- _WHAT IS NEEDED_
The task for the listing below is to write out exactly the lines starting at the one containing "ROMA – Chiamata" and ending at the one containing "SANTO DOMINGO.-El profesor", both included. Pictures are to be omitted.

- _DATA SHOWN_

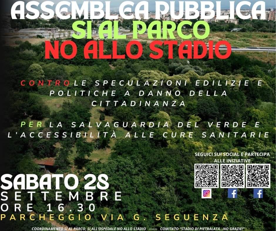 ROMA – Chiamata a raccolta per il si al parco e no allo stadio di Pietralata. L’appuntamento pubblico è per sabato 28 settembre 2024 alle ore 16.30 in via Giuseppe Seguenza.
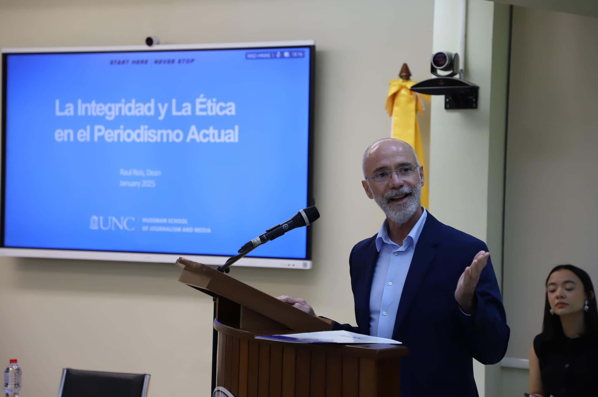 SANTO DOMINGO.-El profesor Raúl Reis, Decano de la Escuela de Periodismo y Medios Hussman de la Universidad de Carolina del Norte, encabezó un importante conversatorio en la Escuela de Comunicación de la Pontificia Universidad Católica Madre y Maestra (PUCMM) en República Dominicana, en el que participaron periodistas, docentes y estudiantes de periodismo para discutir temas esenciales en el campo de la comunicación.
--
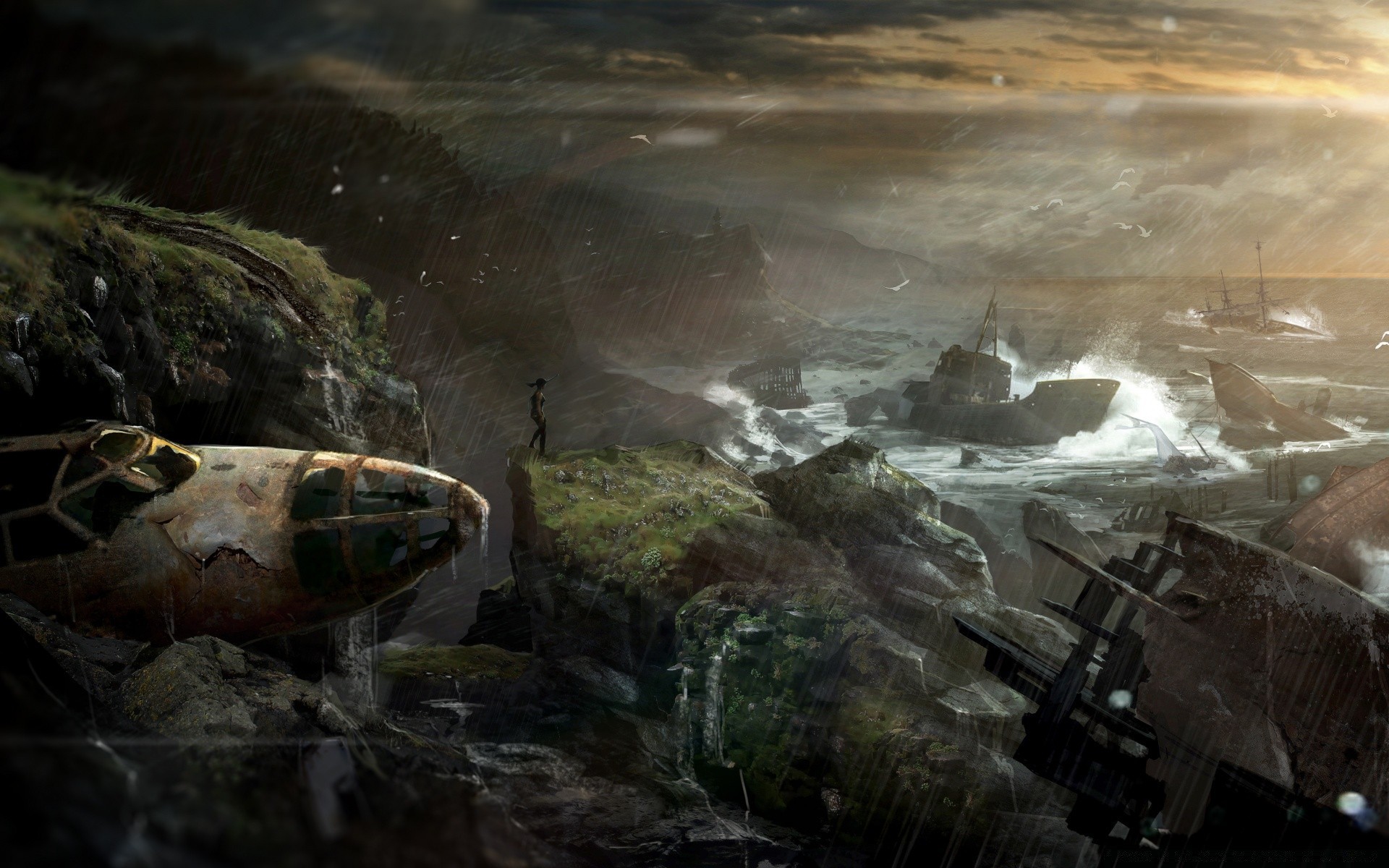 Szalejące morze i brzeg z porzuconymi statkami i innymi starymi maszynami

- _PROBLEM SOLUTION_
 ROMA – Chiamata a raccolta per il si al parco e no allo stadio di Pietralata. L’appuntamento pubblico è per sabato 28 settembre 2024 alle ore 16.30 in via Giuseppe Seguenza.
 SANTO DOMINGO.-El profesor Raúl Reis, Decano de la Escuela de Periodismo y Medios Hussman de la Universidad de Carolina del Norte, encabezó un importante conversatorio en la Escuela de Comunicación de la Pontificia Universidad Católica Madre y Maestra (PUCMM) en República Dominicana, en el que participaron periodistas, docentes y estudiantes de periodismo para discutir temas esenciales en el campo de la comunicación.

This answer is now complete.